Frederick Wiseman as Adjective

(NOTE: I tried valiantly, but to no avail. This post will mean most to those who have already seen a Frederick Wiseman film. Checking out his Wiki entry will help, however.)

Frederick Wiseman is a documentary filmmaker who got started during the glorious days of the 60s, known as the era of cinéma vérité (though he’s staunchly opposed to that term). His films are narration-free, score-less glimpses into the daily life of American institutions and facilities. These include a hospital, a high school, an army training camp, a juvenile court, etc. These unblinking presentations are seemingly free from judgment, and they tend to be pretty damn bleak.

(Until recently, these films were very difficult to see in a theater and impossible to find on video. Gratefully, that’s all changed. Wiseman’s gotten with the program. Visit his website to see his prolific roster of films—all affordable on DVD, in wonderful transfers–and for those in the Williamsburg/Greenpoint area, you can rent these at the wonderful Photoplay on Manhattan Ave., near Greenpoint Ave.)

Titicut Follies (1967)

Cut To:
Williamsburg, Brooklyn, last week. Since our son will begin pre-K this fall, my wife and I are touring local schools. We’ve been to three, and they have ranged in quality, sure, but I could easily see Harry attending any of them. There’s a fouth, however, that is pretty damn bleak. Debbie frowned upon it immediately and before I knew it, I said, “Yeah, that’s a Wiseman school.”

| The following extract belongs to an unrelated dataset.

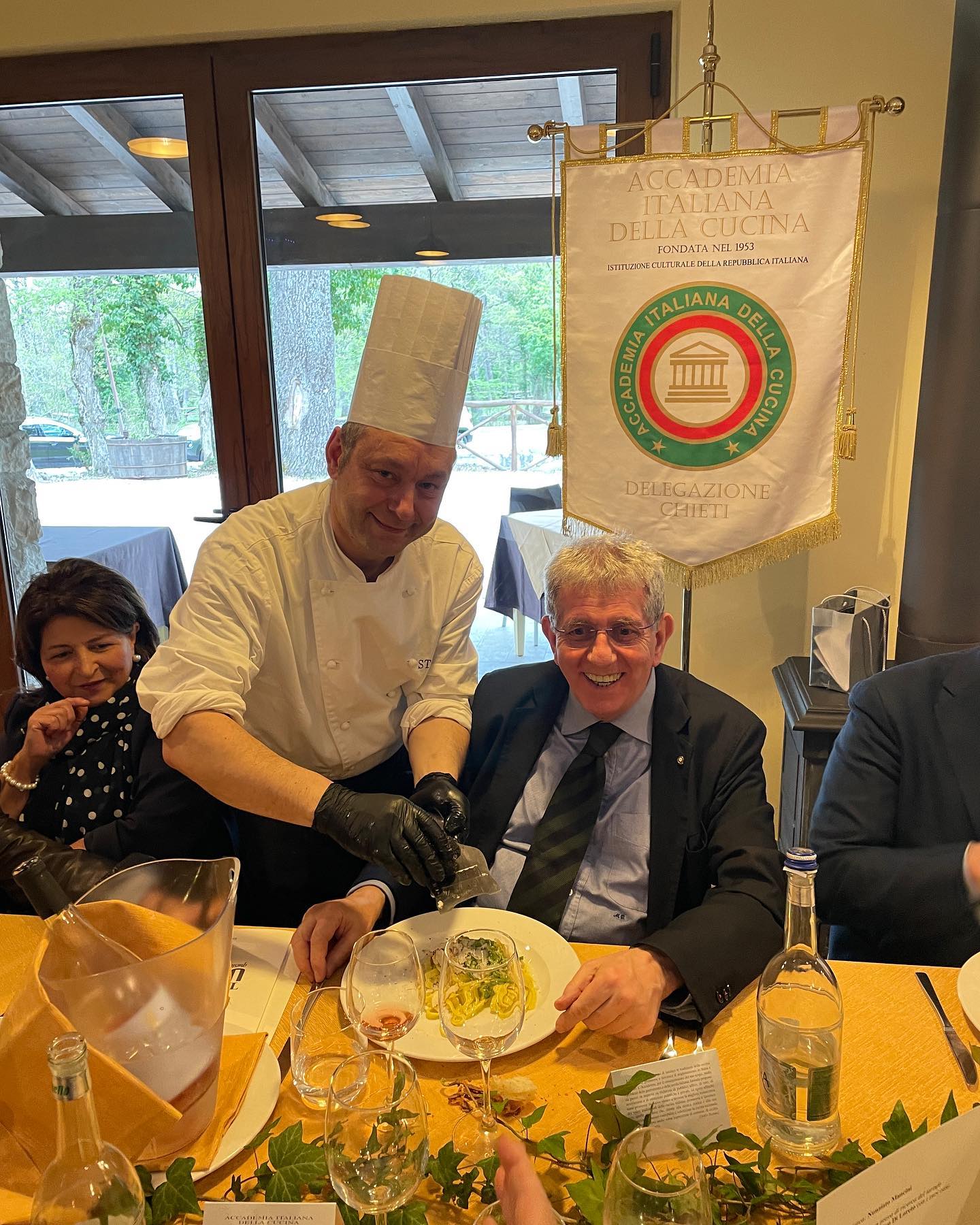 Nella parte più interna del territorio della Delegazione, la conviviale “TartUFO questo sconosciuto” organizzata presso la trattoria "Casa del Pastore Rosello", ha portato gli Accademici di Chieti alla scoperta di uno dei prodotti più importanti ma parimenti misconosciuti del Medio Sangro, che rivaleggia con le produzioni piemontesi e toscane sia per quantità sia per qualità. Il Simposiarca Nunziato Mancini, prima della conviviale, ha organizzato insieme al tartufaio Evo Di Loreto una dimostrazione di ricerca di tartufi con i cani appositamente addestrati all’interno della splendida Abetina di Rosello (foto 1). A tavola, lo chef “figlio d’arte” Elio Stanzìani (in foto 2 con il vice Presidente Vicario Mimmo D'Alessio) ha deliziato Accademici e ospiti tra profumi unici e sapori antichi, con un occhio alla modernità delle tecniche di cottura, come il braciere ofyr (foto 3). Foto 4. La brigata di cucina con il Delegato Nicola D'Auria e il vice Presidente Vicario Mimmo D'Alessio.
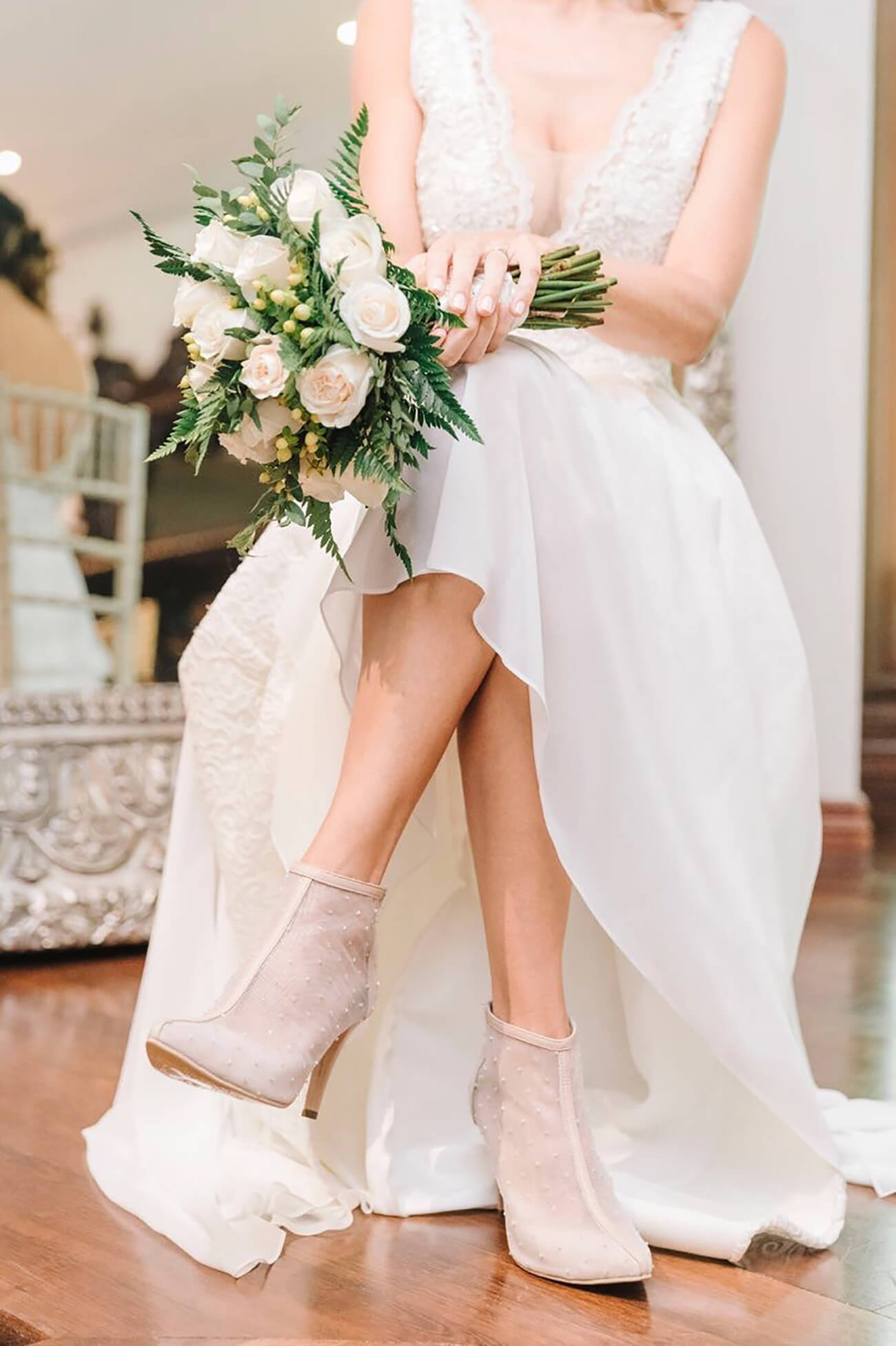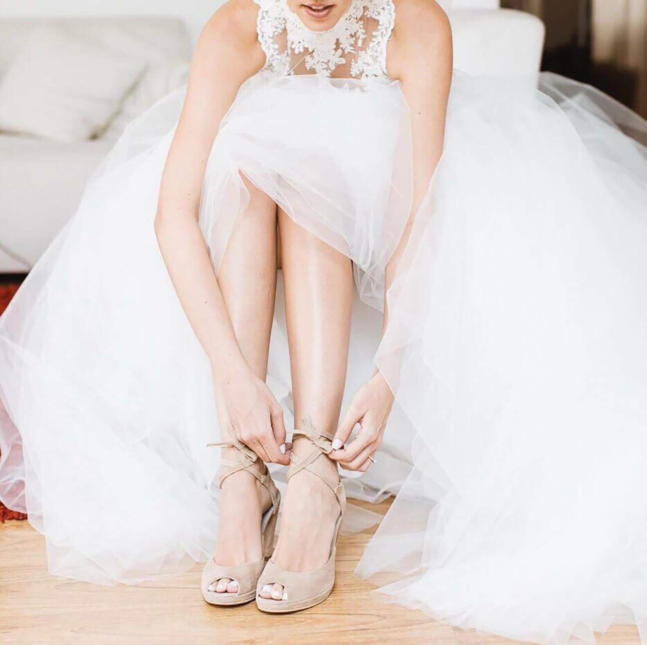 Dos ideas para caminar al altar, ambas con la posibilidad de personalizar sus detalles, colores y añadir plantillas en látex, para hacerlos súper cómodos. Botines Mónica, en tul y cuero bordados con mostacillas ($326.000) y Sandalias Clara, con tirantes en gamuza color nude ($250.000).

And it felt so perfect a description. True, he’s frequently showing us depressing situations (i.e. forgotten inmates at an institute for the criminally insane), but I’m talking about the look of his early films. There’s a joy-free heaviness created by the combination of B&W 16mm film stock; low-light situations, including a preponderance of  fluorescents; and economically-depressed locations. The way the light falls down the porous walls, the way the backgrounds—it can only be described as…Wiseman.

High School (1968)

Naturally, my instinct would be to affect it with a suffix, such as Runyonesque or Dickensian, but, no, this time around I don’t see the need. Just Wiseman does the trick.

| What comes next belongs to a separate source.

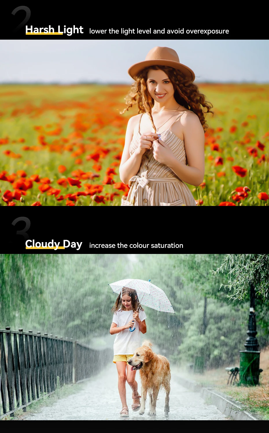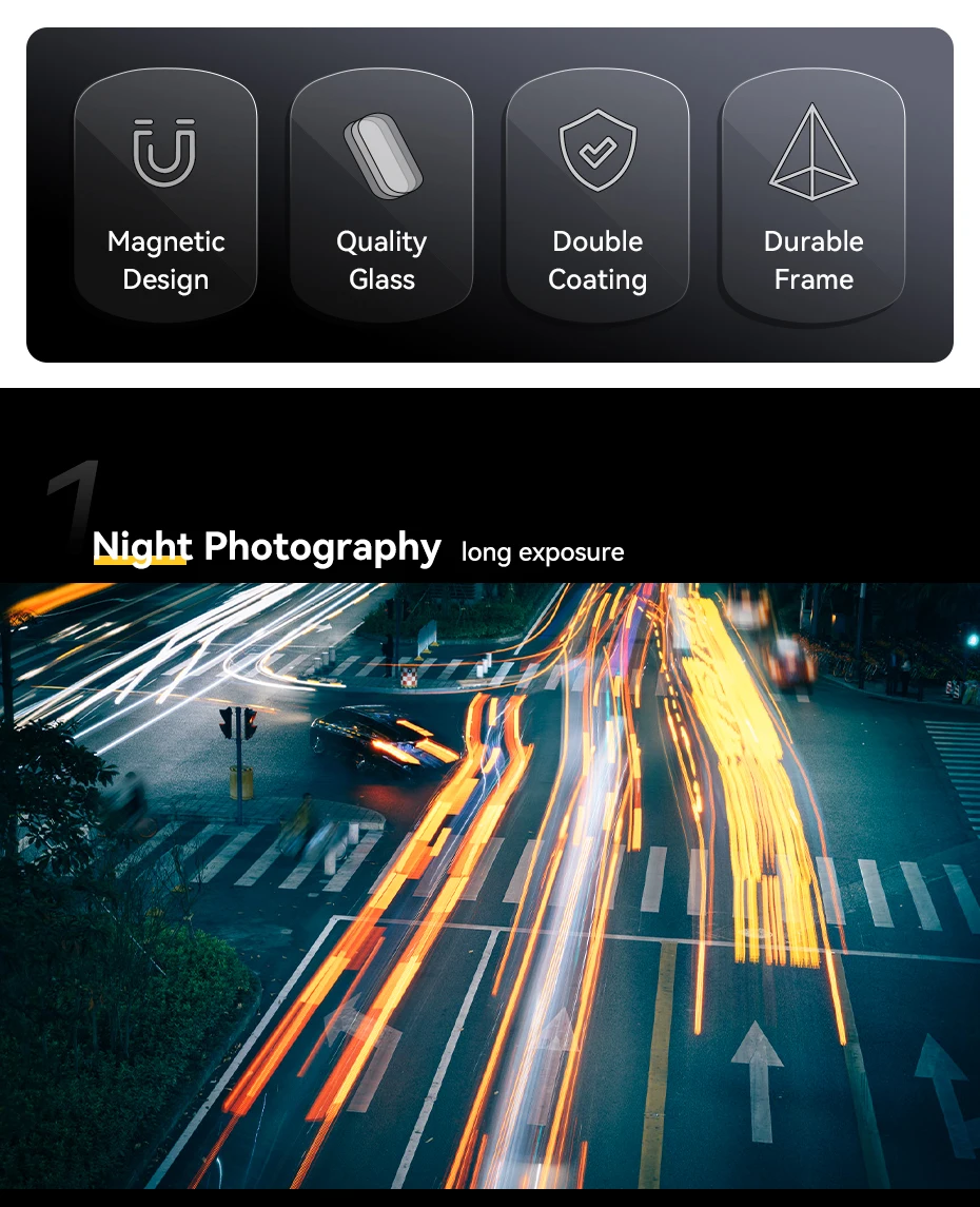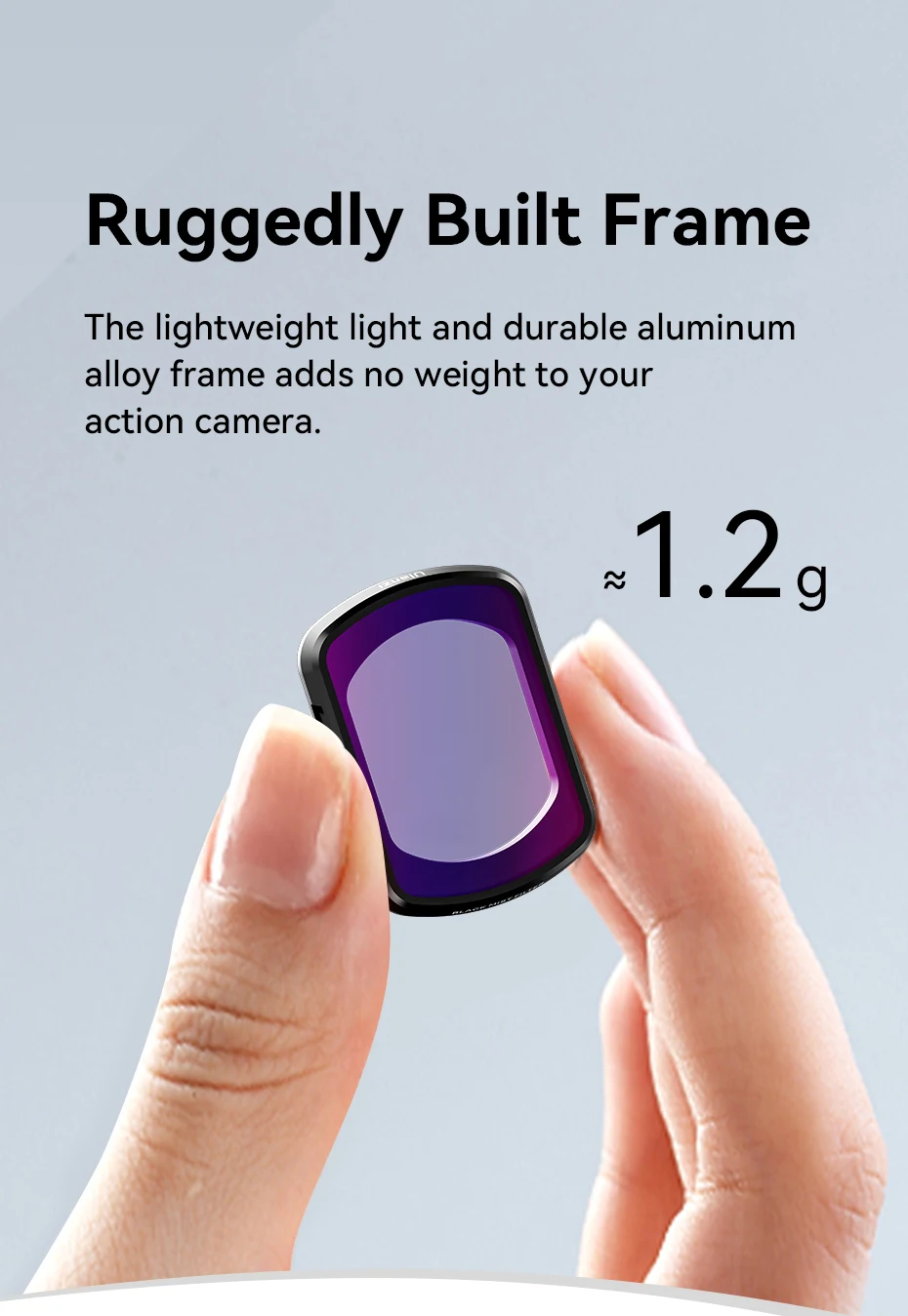 Con el kit profesional de filtros ND, puede obtener un control de exposición correcto en diferentes condiciones de iluminación y producir imágenes fluidas.

To me, Wiseman places include:
        •DMVs
        •any Post Office in Brooklyn
        •Greyhound bus stations
        •Chinese take-out restaurants

Hospital (1969)

And let’s not limit this expressive word to just places. It could be any number of things. Who here has had a Wiseman job? Or a Wiseman date? I know I have.

And what about feet? They’re Wiseman. So’s my hairline.

Titicut Follies (1967)

I’d say anything that’s not completely lifeless, but dying nevertheless—well, that could adjective could do the trick.

Food? Shoot. Fishsticks are Wiseman. And so are Necco Wafers. And if you’ve ever taken the bun off the top of a plain McDonald’s hamburger, then you’ve seen the fastfood equivalent of a Frederick Wiseman film.

I’m going to stop before I become the Jeff Foxworthy of Documentary Film Analysis.

Hospital (1969)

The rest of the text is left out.